Did readers find it hard to relate to the book, which was set in London and New York? For Chin, it was natural; he’d worked for 10 years in the US and two in the UK. Setting the novel in London was important, and the character was supposed to run in the New York City Marathon. “To give
Fuel a Malaysian setting would have been alien,” he stated.

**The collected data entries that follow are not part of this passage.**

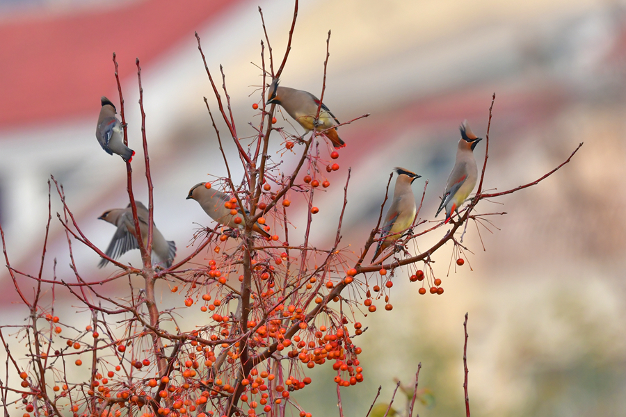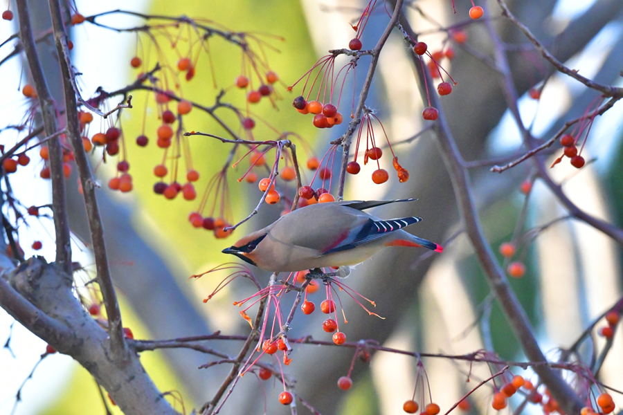 顶冠黄尾,啼啭冬枝。近日,一群太平鸟迁徙途中翩然降临东昌湖湿地公园。这些头戴蓬松羽冠的小精灵体态玲珑,在冬日枯枝中格外醒目,为萧瑟冬景增添了灵动生机。太平鸟自古便是国画经典题材,象征吉祥安宁。
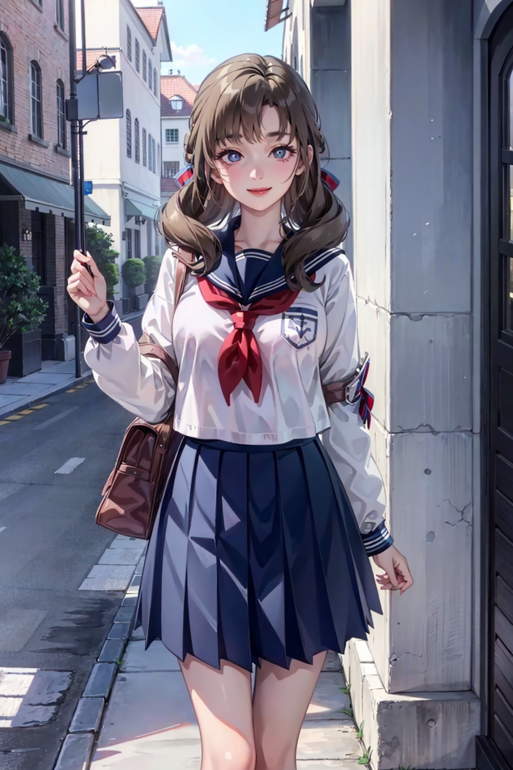 Mamako 制服2(Aserafuku)触发词:mamakosomakj,裙子,长袖,校服,百褶裙,Aserafuku,水手领,蓝裙子,红围巾,成熟女性
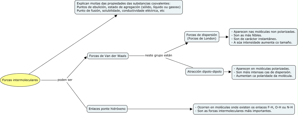Este Cmap, tiene información relacionada con: forzas_intermoleculares4eso, Enlaces ponte hidróxeno ???? - Ocorren en moléculas onde existen os enlaces F-H, O-H ou N-H - Son as forzas intermoleculares máis importantes., Atracción dipolo-dipolo ???? - Aparecen en moléculas polarizadas. - Son máis intensas cas de dispersión. - Aumentan ca polaridade da molécula., Forzas de Van der Waals neste grupo están Atracción dipolo-dipolo, Forzas de dispersión (Forzas de London) ???? - Aparecen nas moléculas non polarizadas. - Son as más fébles. - Son de carácter instantáneo. - A súa intensidade aumenta co tamaño., Forzas intermoleculares ???? Explican moitas das propiedades das substancias coovalentes: Puntos de ebulición, estado de agregación (sólido, líquido ou gasoso) Punto de fusión, solubilidade, conductividade eléctrica, etc, Forzas intermoleculares poden ser Enlaces ponte hidróxeno, Forzas intermoleculares poden ser Forzas de Van der Waals, Forzas de Van der Waals neste grupo están Forzas de dispersión (Forzas de London)
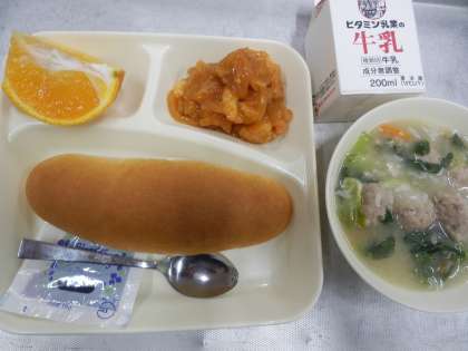 今日の給食は、えびのチリソースいため、中華がゆ、デコポン、コッペパン、牛乳です。「中華がゆの作り方」 米を多めの水でやわらかく煮た料理を「かゆ」と言い、中華がゆは、味のついたスープで米を煮て作ります。給食の中華がゆは、米のほかに、肉団子、だいこん、チンゲン菜、ニンジン、しいたけを加えます。塩、うすくちしょうゆ、チキンブイヨンで味つけし、仕上げにごま油で風味をつけています。
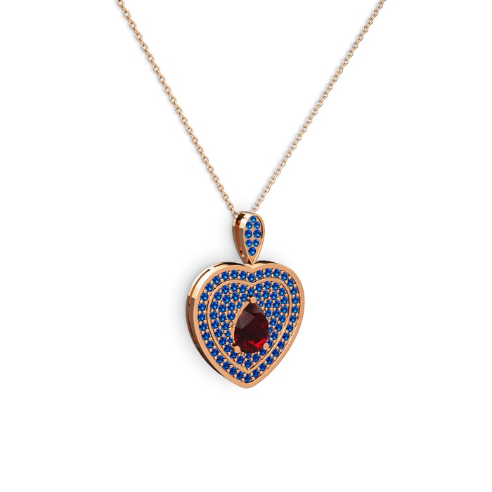 Garnet ve lab safir 18 ayar rose altın kolye (40 cm gümüş rolo zincir)
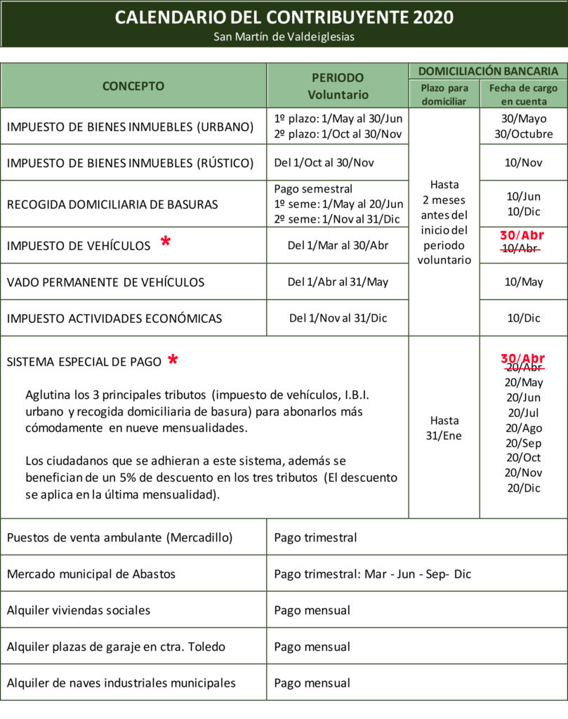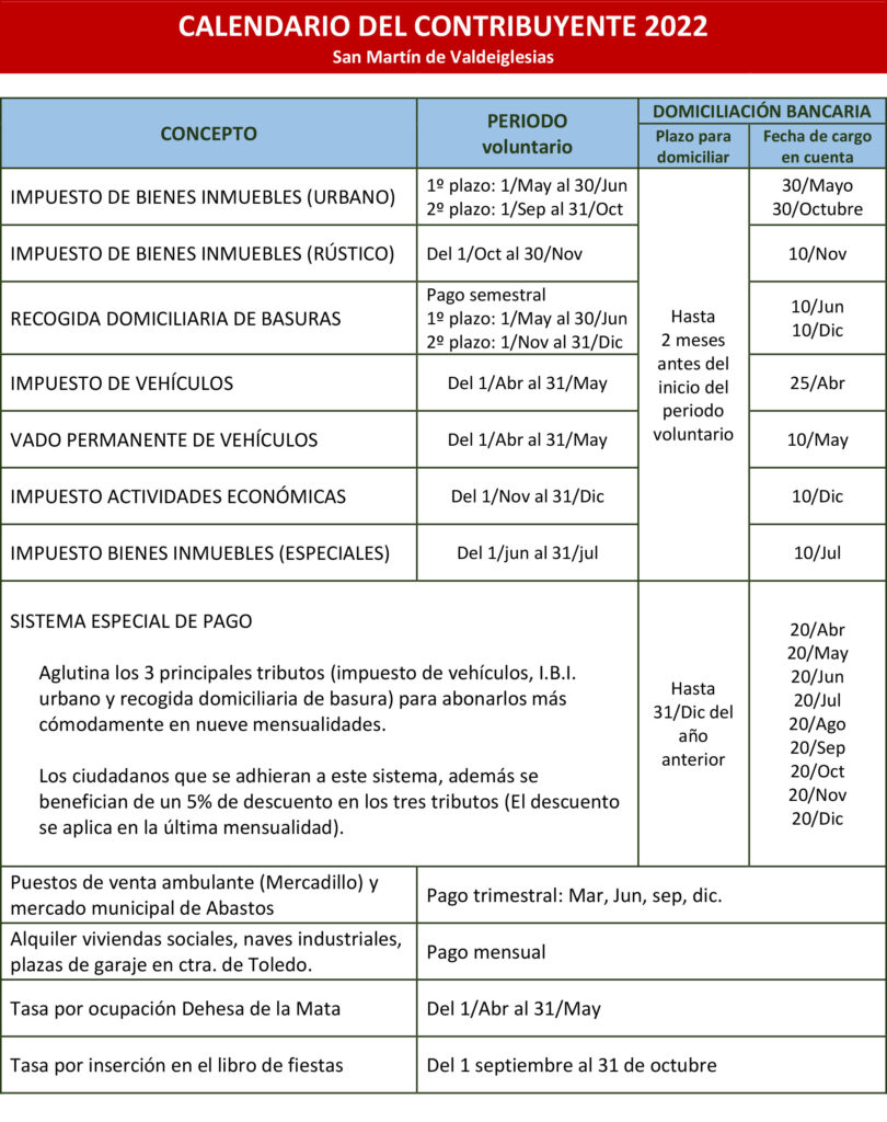 Pagar más cómodamente los principales tributos y, además, beneficiarse de un descuento del 5% en cada impuesto o tasa. El descuento se aplica en la última mensualidad (diciembre) una vez se haya comprobado el correcto abono de los recibos anteriores. Este sistema solo admite el pago mediante domiciliación bancaria. Los recibos se cargan en cuenta en las siguientes fechas: 20 de abril- 20 de mayo – 20 de junio – 20 de julio – 20 de agosto – 20 de septiembre – 20 de octubre – 20 de diciembre. - ¿Qué requisitos hay que cumplir?
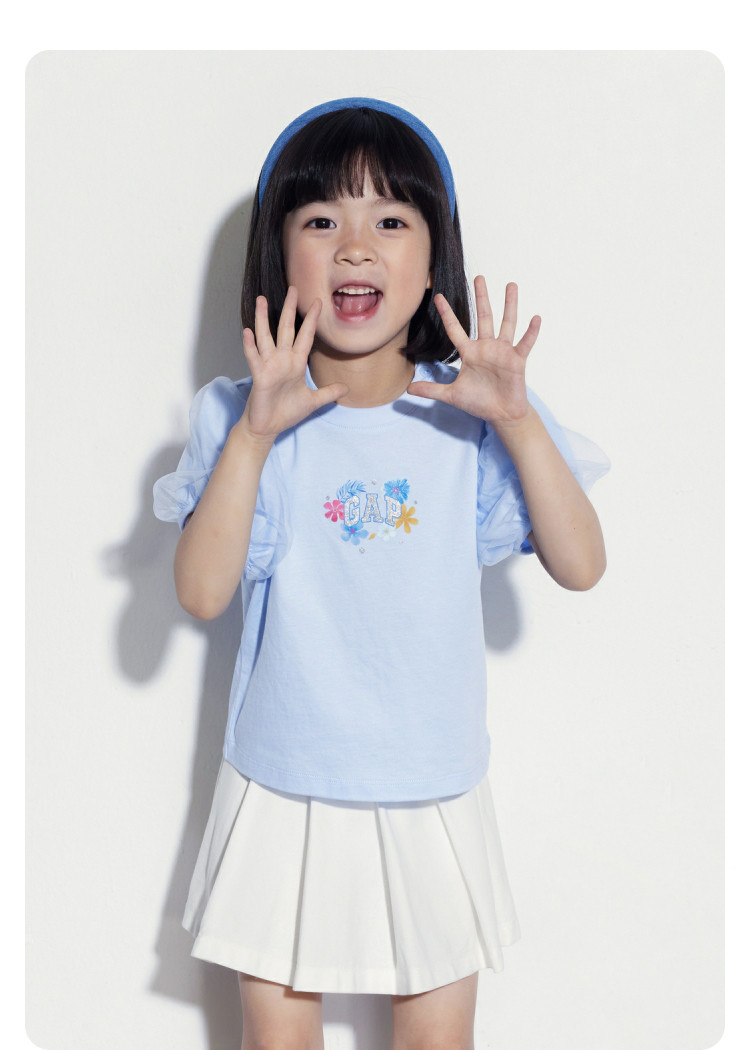 商品名称:Gap女幼童2024春秋季印花网纱泡泡短袖T恤儿童装上衣466776 172826
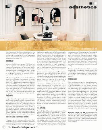 Furthermore, a MWMP fuels the need for vitamin therapy, including B-12, B complex, and Lipo-C injections. Consider offering a discount on injections to patients who are currently enrolled in the MWMP. Among other things, these services both increase a patient’s metabolism and energy levels—the perfect supplement for a MWMP that also creates a new revenue stream for the practice. Vitamin therapy attracts a much larger market. Patients who are not quite ready to commit to a full MWMP or plastic surgery may be interested in less invasive procedures, such as vitamin injections. These services become a less intimidating way for patients meet the staff, discover the practice, and learn about other potential services.
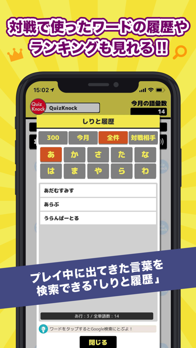 持ち時間2分の超スピードしりとり。相手が持ち時間0になれば負けなので、単語数の少ない「る」などを末尾に置いて相手を困らせるのも戦略です。対人戦ゆえの駆け引きが楽しめます。
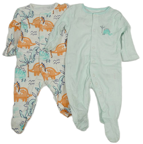 2x - Overal - Bílý s dinosaurami a palmami. mátovo/bílý pruhovaný s dinosaurom a palmou Matalan
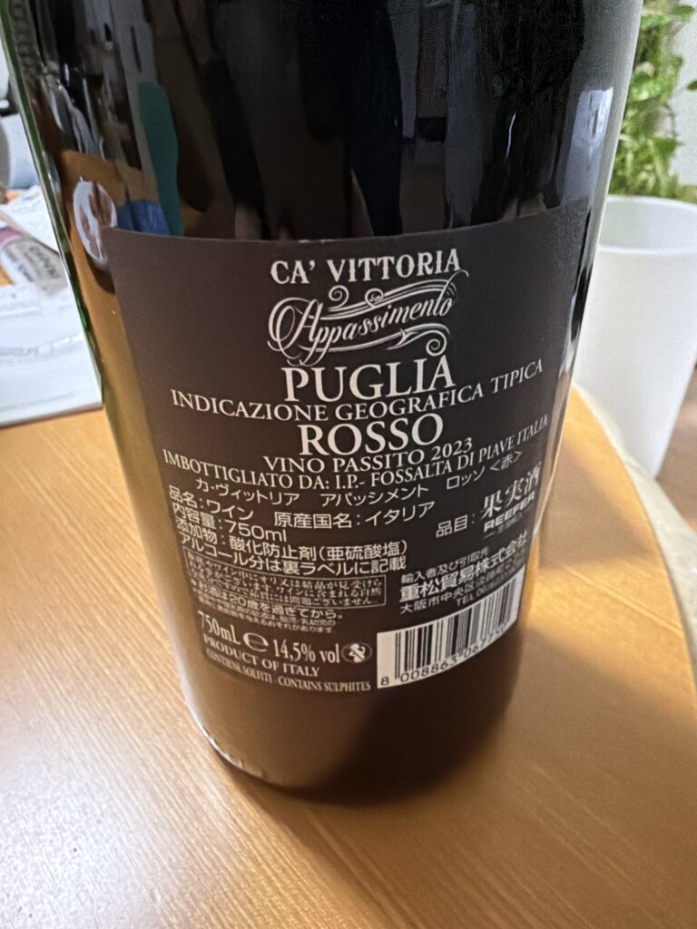イタリア・プーリア産の赤ワイン「アパッシメント(カ・ヴィットリア)2023」は、独特の製法でじっくりと乾燥させたブドウを使用し、深みのある味わいが期待されます。酸味は少なめ、果実味、樽香は強く、穏やかで甘い飲み口が特徴です。飲み頃はやや冷やしてからが良く、16〜18度程度が適温。広めの赤ワイングラスでゆったりと楽しむのがおすすめです。肉料理や熟成チーズと合わせると、ワインの落ち着いた旨みが引き立ち、食事とのバランスも良くなります。スコアは控えめですが、日常使いに適した一本です。
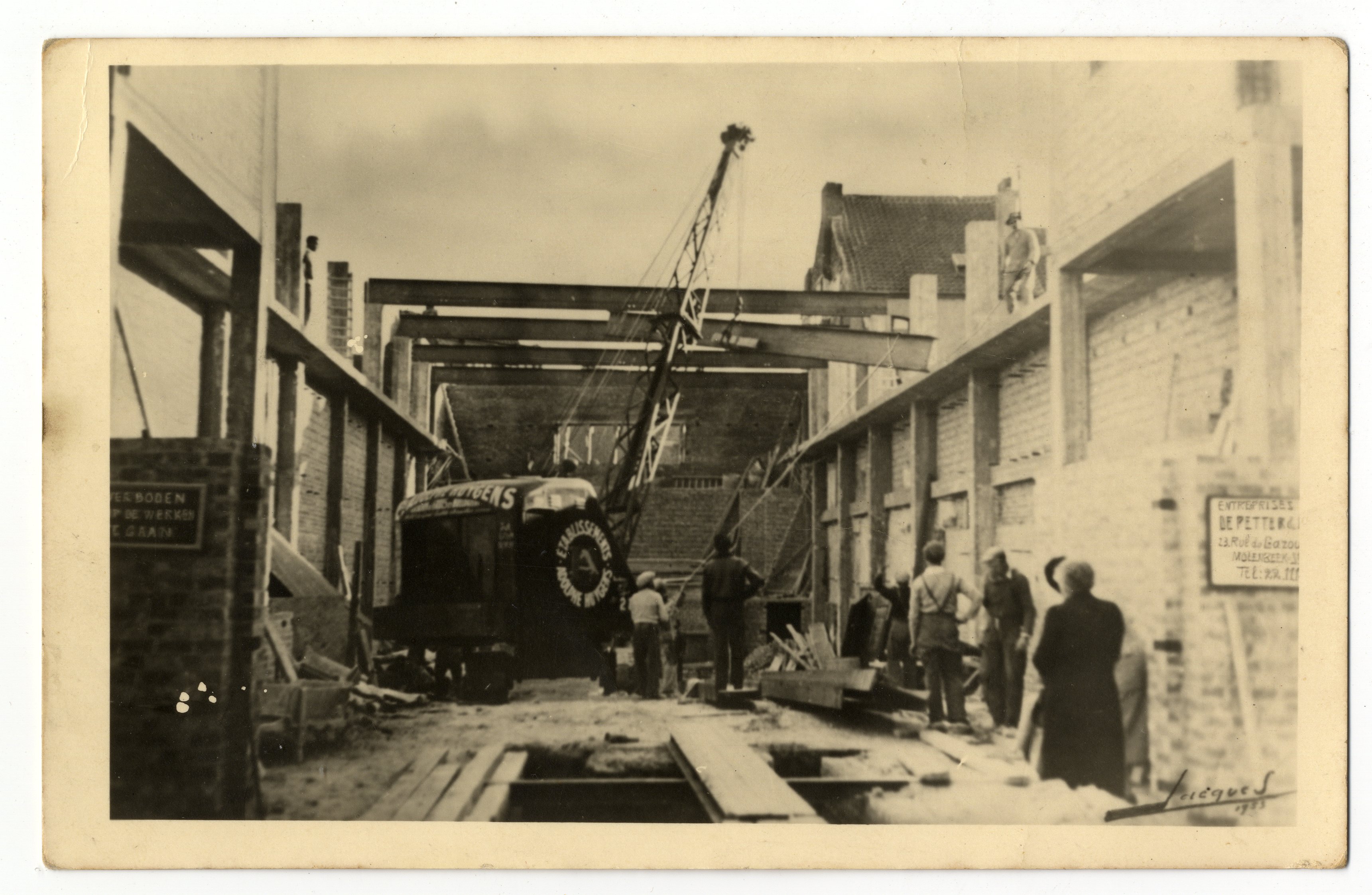 Carte photo Bâtiment industriel en chantier à Molenbeek-Saint-Jean, photogr. anon., s.d. [années 1940-1950 ?].

Given the kind of work that went into it, the self-published route was, perhaps, astute. Every word, every phrase was chosen for effect. Each section of the book: characters, milestones, plot, premise and so on, was meticulously mapped out, storyboarded. Chin approached the writing and marketing of
Fuel like an ad campaign.
Sadly, his perfectionist streak and dedication to the book didn’t quite pay off. Not all his supporters bought the book. Glowing reviews of
Fuel did little to spur sales.
“My journey as a writer, as enjoyable as it was, has become extremely difficult now that I’ve gotten to the stage of promoting
Fuel,” said Chin to his audience as he wrapped up the book-reading session. “I’ve walked alone for a year and a half, and it is my sincere hope that each of you here would join me for the next leg of my journey.”
One year later, Chin is still on that journey. He has also released a line of merchandise based on the book’s theme (www.fuelrunning.com). It appears he’s in it for the long run, and still telling naysayers, “
Yichalal”.
It’s hard not to cheer that spirit on.